Taxation Determination

TD 92/178

Income tax: is that part of the total cost incurred by Company A in acquiring shares in a third unrelated company from Company B under an underwriting agreement, and claimed as interest by Company A, deductible under section 8-1 of the Income Tax Assessment Act 1997 if:
(a) company A treated the shares acquired as being on capital account; and
(b) the underwriting agreement provided that the total acquisition cost was to include an amount expressed to be interest in relation to the period during which the agreement was current?

  • Please note that the PDF version is the authorised consolidated version of this ruling and amending notices.
    This document incorporates revisions made since original publication. View its history and amending notices, if applicable.

FOI status:

may be releasedFOI number: I 1213530

This Determination, to the extent that it is capable of being a 'public ruling' in terms of Part IVAAA of the Taxation Administration Act 1953, is a public ruling for the purposes of that Part . Taxation Ruling TR 92/1 explains when a Determination is a public ruling and how it is binding on the Commissioner. Unless otherwise stated, the Determination applies to transactions entered into both before and after its date of issue.

[Note: This is a consolidated version of this document. Refer to the Tax Office Legal Database (http://law.ato.gov.au) to check its currency and to view the details of all changes.]

Section 8-1 of the Income Tax Assessment Act 1997, to which this Ruling refers, expresses the same idea as subsection 51(1) of the Income Tax Assessment Act 1936.

1. No.
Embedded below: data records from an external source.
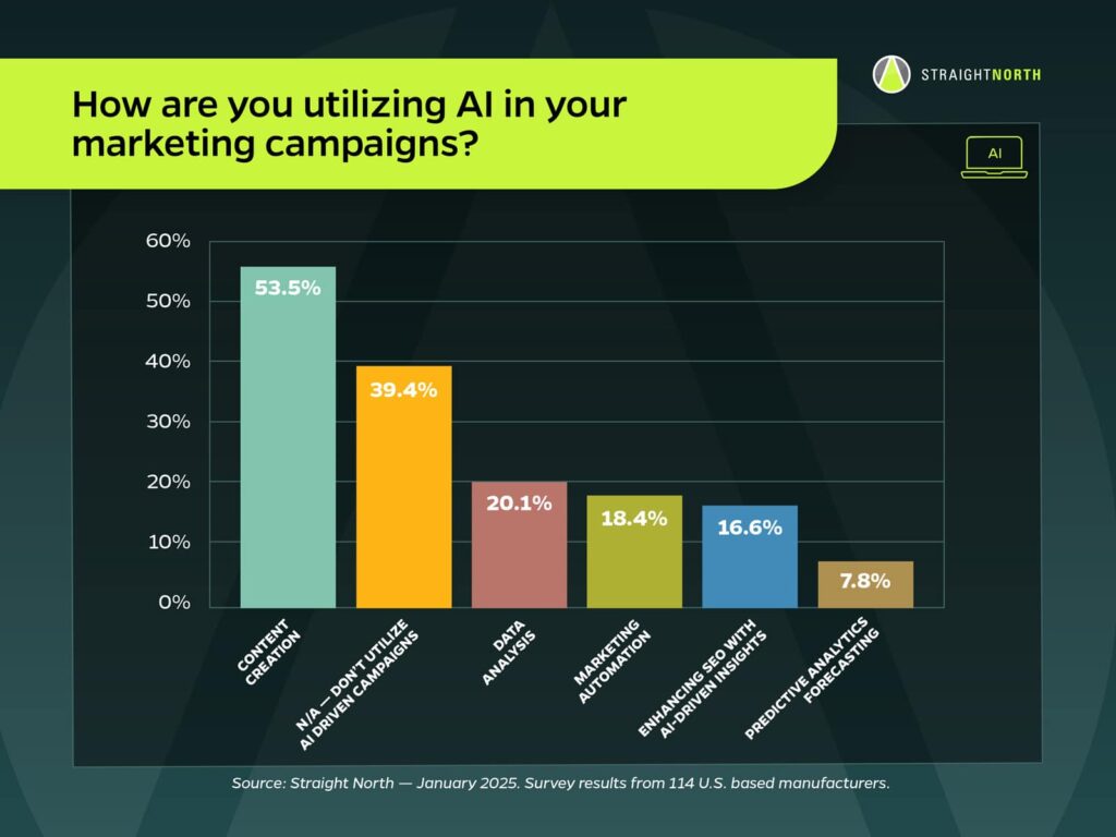 Given that manufacturers typically operate with leaner marketing departments, we aimed to understand how frequently and in what ways they are utilizing AI to support their efforts.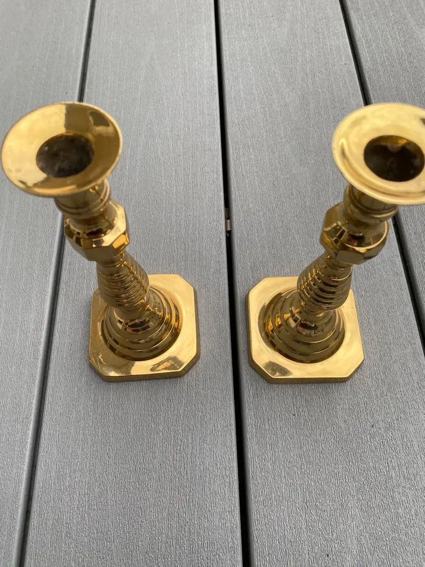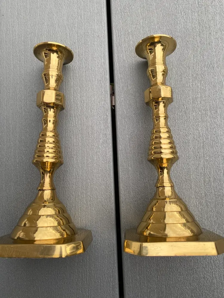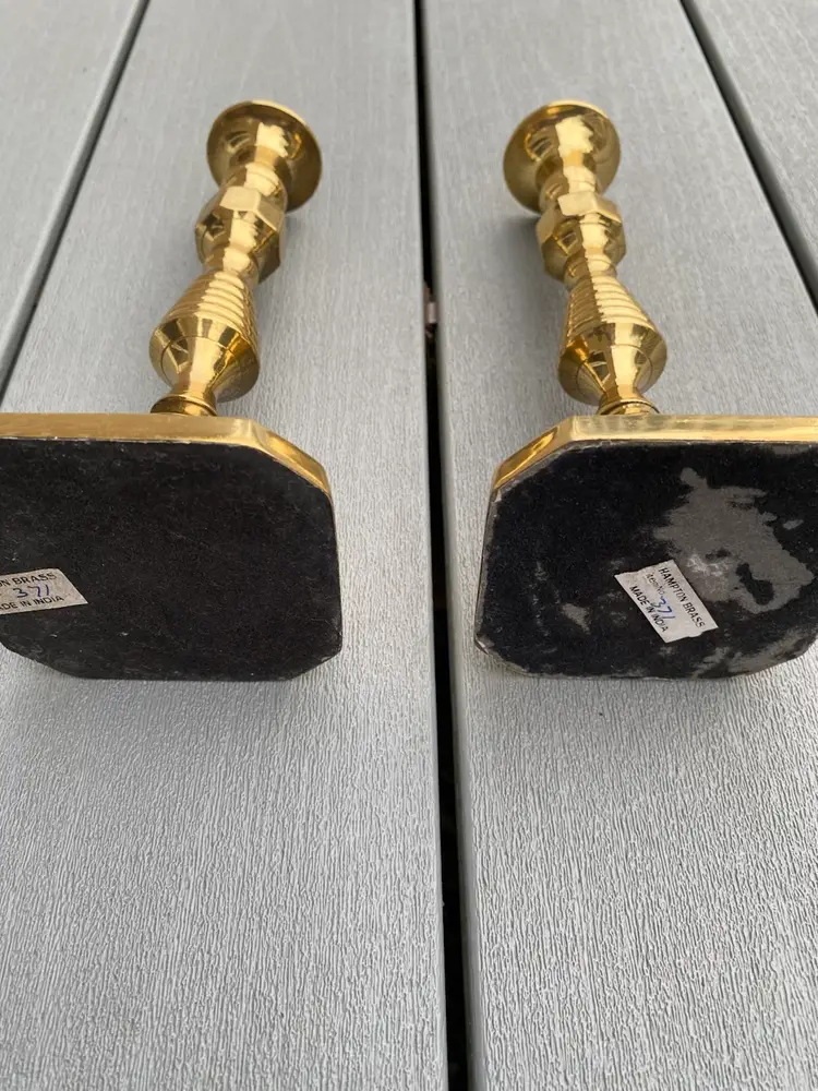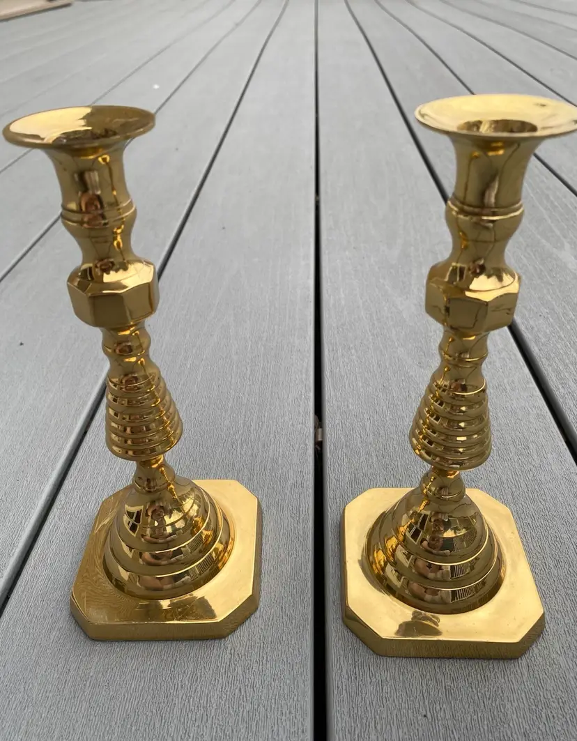 BEAUTIFUL!!! PAIR OF VINTAGE BALDWIN BRASS BEEHIVE CANDLE HOLDERS in great vintage condition. These are solid and extremely heavy. Made in India, these shiny brass candle holders feature the classic beehive pattern and measure approximately 8” high and the base is about 3 1/2” square. These very collectible candle holders will add a lovely touch to any home.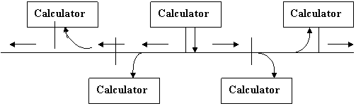 Un mesaj din partea unui calculator catre alt calculator trebuie transmis in retea in sensul invers acelor de ceasornic, pana cand ajunge la destinatie.
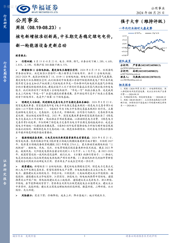 【华福证券】【20240825】公用事业周报:核电新增核准创新高,中长期交易稳定绿电电价,新一轮能源设备更新启动-18页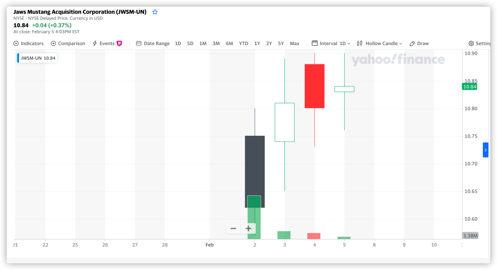 JWSM目前的价格是10.84美元,但是要注意,这是一个单位的价格,不是一个正股的价格,预计的单位分割日期是2021年3月26日,还有段时间。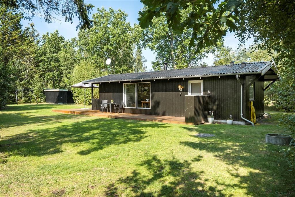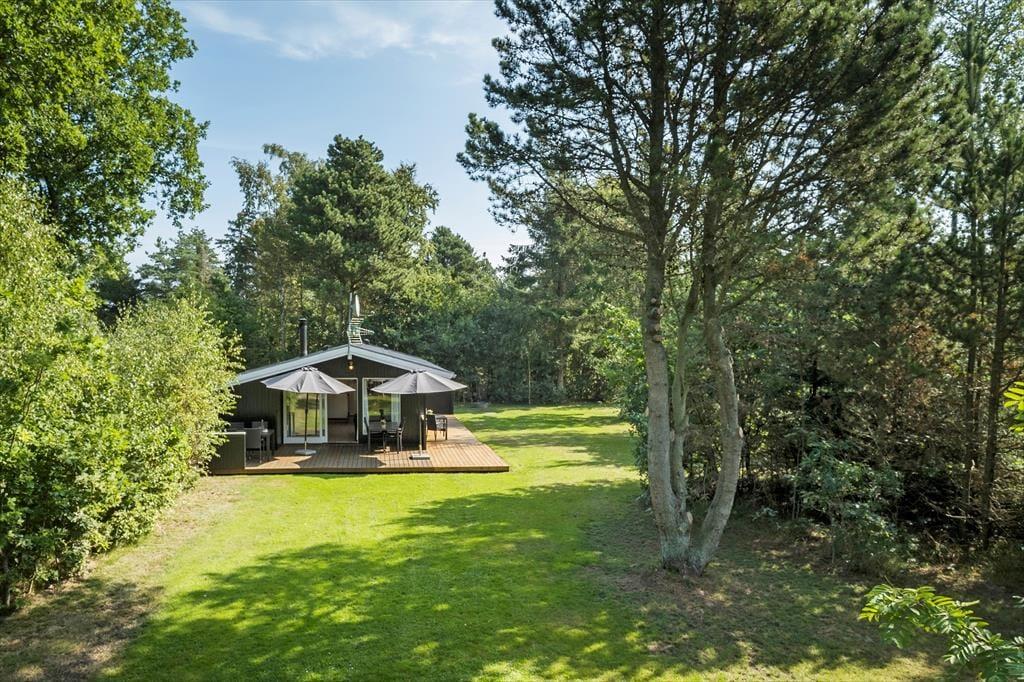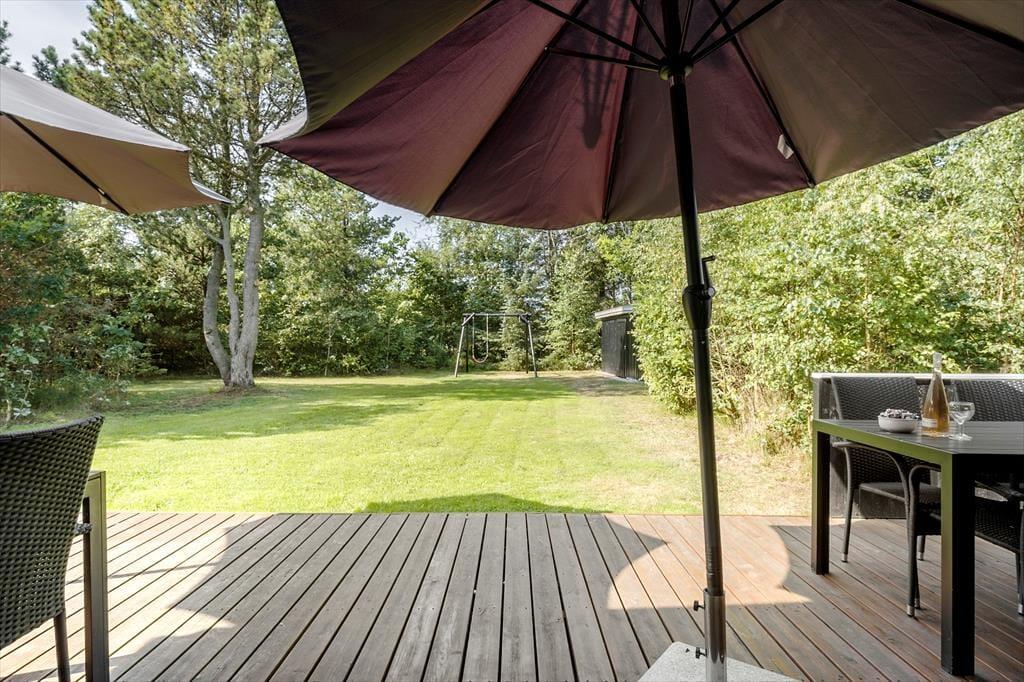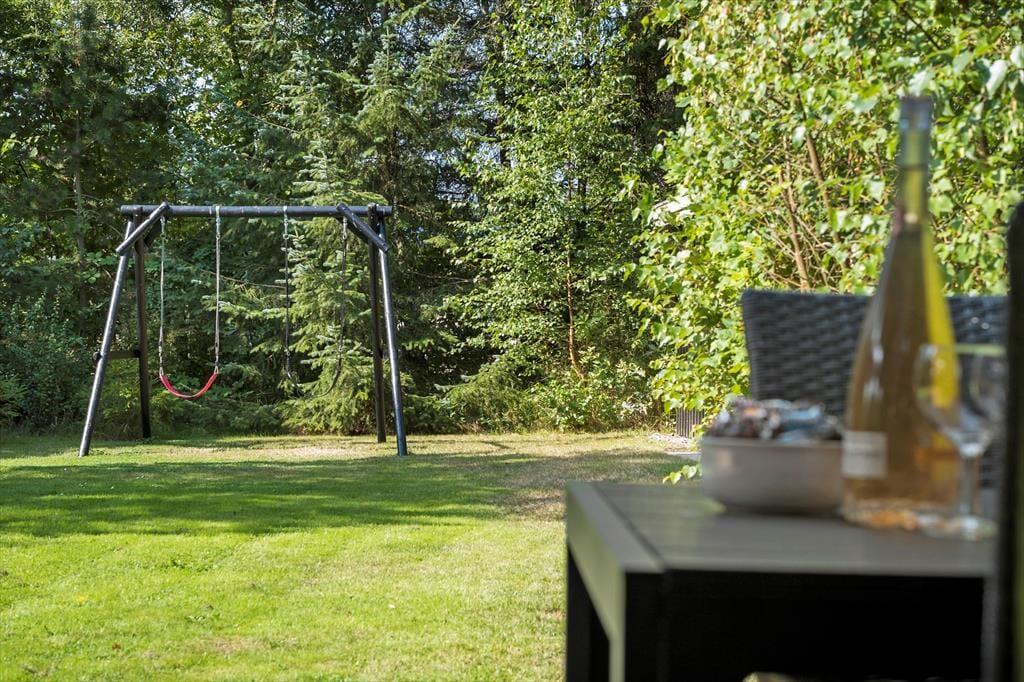 Haven er omkranset af buske og træer. Så det er nemt at finde en hyggelig krog. Hvor man kan nyde solen og følelsen af at have fri. Der er god plads, hvis man får lyst til at spille fodbold eller lege tagfat. Børnene kan også bruge gyngerne og sandkassen som hører til huset. Haven har to fine terrasser, så man kan nyde udelivet. Havens hyggeligste sted er bænken som er placeret under træet, her er det oplagt at nyde den dejlige natur som omkranser sommerhuset.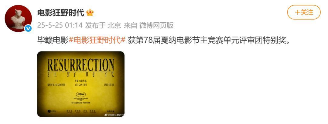 5月24日凌晨,电影《狂野时期》微博发布音讯,由毕赣导演,易烊千玺、舒淇领衔主演的《狂野时期》获本届戛纳电影节相等奖。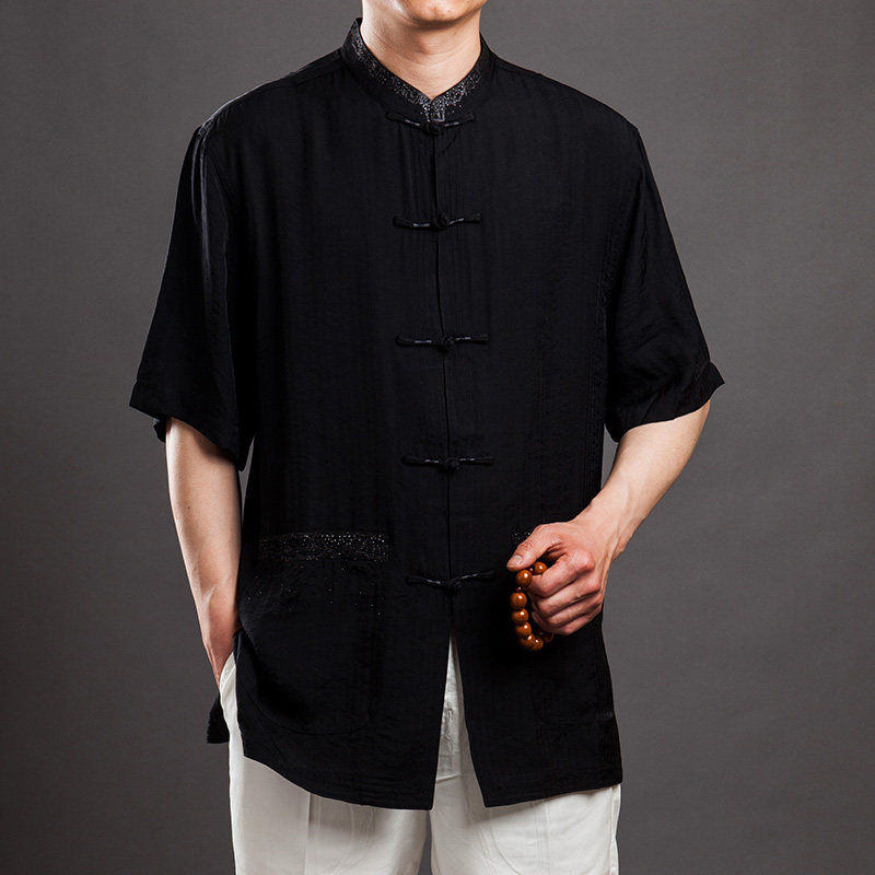 Broken code special price 8110 men's Tang suit summer suit short-sleeved top black ultra-thin fabric diamond-studded fashion men's Tang suit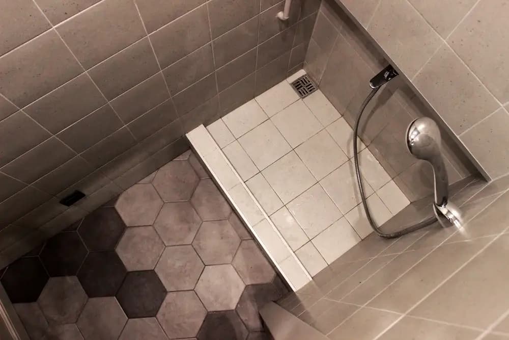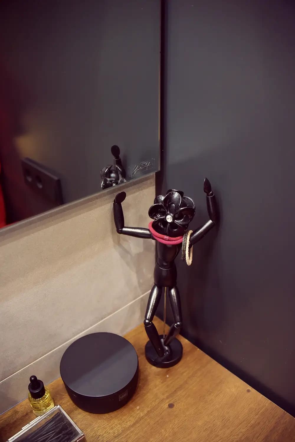 In the toilet and bathroom, only the walls that are directly exposed to the wet zone were tiled, while the rest was given a black damp paint.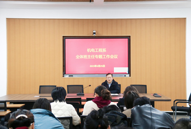 为进一步落实学校相关工作要求,扎实做好校园安全管理和学生安全教育工作,共筑校园安全防线。机电工程系于4月25日下午在山润楼423召开全系班主任工作会议。会议由系党总支副书记成元学主持。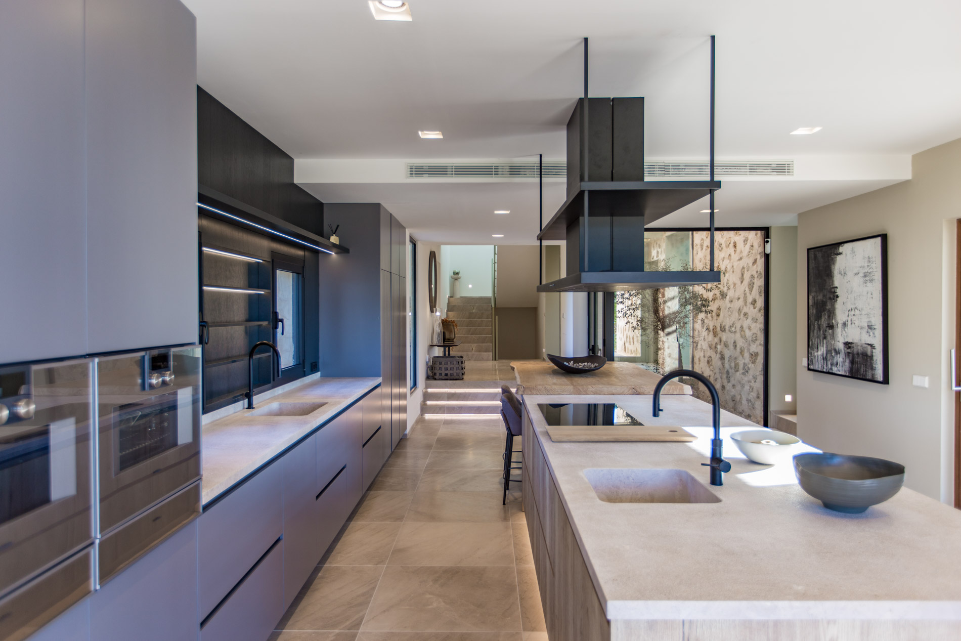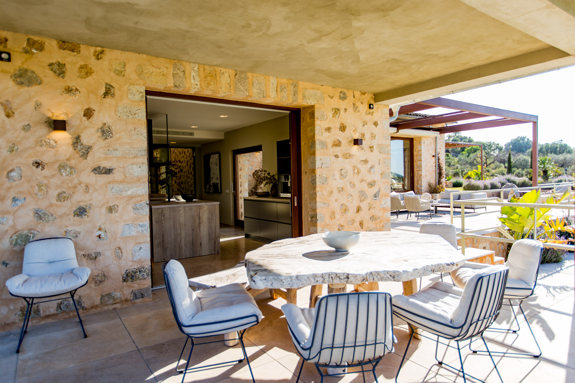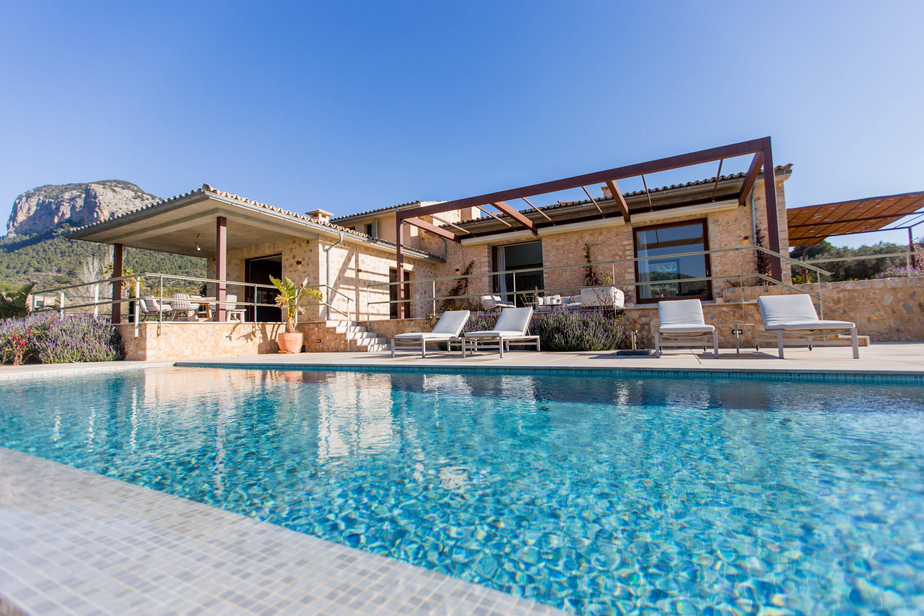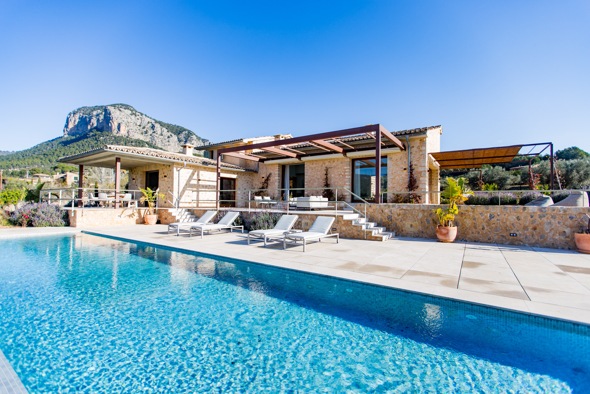 ¡Descubre el paraíso en el corazón del valle de Alaró! Con impresionantes vistas panorámicas que abarcan el valle, los árboles frutales y las majestuosas montañas gemelas: Puig del Castell y s'Alcadena, con el imponente Puig Major en el horizonte, este lugar es un verdadero paraíso para los amantes de la naturaleza y la serenidad.La finca cuenta con una extensión de terreno privilegiada, donde se encuentran olivos centenarios que producen aproximadamente 300 litros de aceite de oliva mallorquín al año, un campo de algarrobos, naranjos, limoneros y almendros, brindando una conexión auténtica con la tierra y sus frutos.La casa principal, de nueva construcción y diseñada con materiales nobles como la piedra y la madera natural, ofrece un estilo de vida sofisticado y confortable. Con un amplio salón-comedor inundado de luz natural gracias a sus grandes ventanales y skylights, un encantador patio interior con un olivo, y una moderna cocina equipada con isla y electrodomésticos Gaggenau, cada espacio ha sido cuidadosamente diseñado para ofrecer una experiencia de vida excepcional.El sótano cuenta con una bodega perfectamente acondicionada, así como una zona de gimnasio con spa, que incluye jacuzzi y sauna, para relajarse y rejuvenecer en la comodidad del hogar. El gran garaje con capacidad para 4 coches.En el exterior, destacar sus amplias terrazas y su impresionante piscina de 16 metros de largo.Además, la propiedad cuenta con una encantadora casa de invitados de 150 m2, con su propia piscina privada y acceso independiente. MallorcaSite, su agencia inmobiliaria en Mallorca, le recomienda esta propiedad por estar en un lugar fantástico, por estar cerca de un bonito pueblo como Alaró, por las vistas, por el diseño interior y exterior de la vivienda, por la amplitud de la vivienda.

The essential character of the outgoing under consideration is capital, or of a capital nature, as it formed part of a once only, non-recurrent, payment for the acquisition of shares by Company A which held them as non-trading, non-revenue, assets (Sun Newspapers Ltd v FC of T (1938) 61 CLR 337).

2. Also, the outgoing cannot be regarded as interest as there was no loan or debt in existence between Company A and Company B during the currency of the underwriting agreement. Interest can only be ascertained by reference to an obligation to pay a sum of principal moneys, and without that relationship an outgoing cannot be treated as interest (Reference Re Saskatchewan Farm Security Act [1947] SCR 394 at 411-412; Federal Wharf Co. Ltd v DFC of T (1930) 44 CLR 24 at 27-28).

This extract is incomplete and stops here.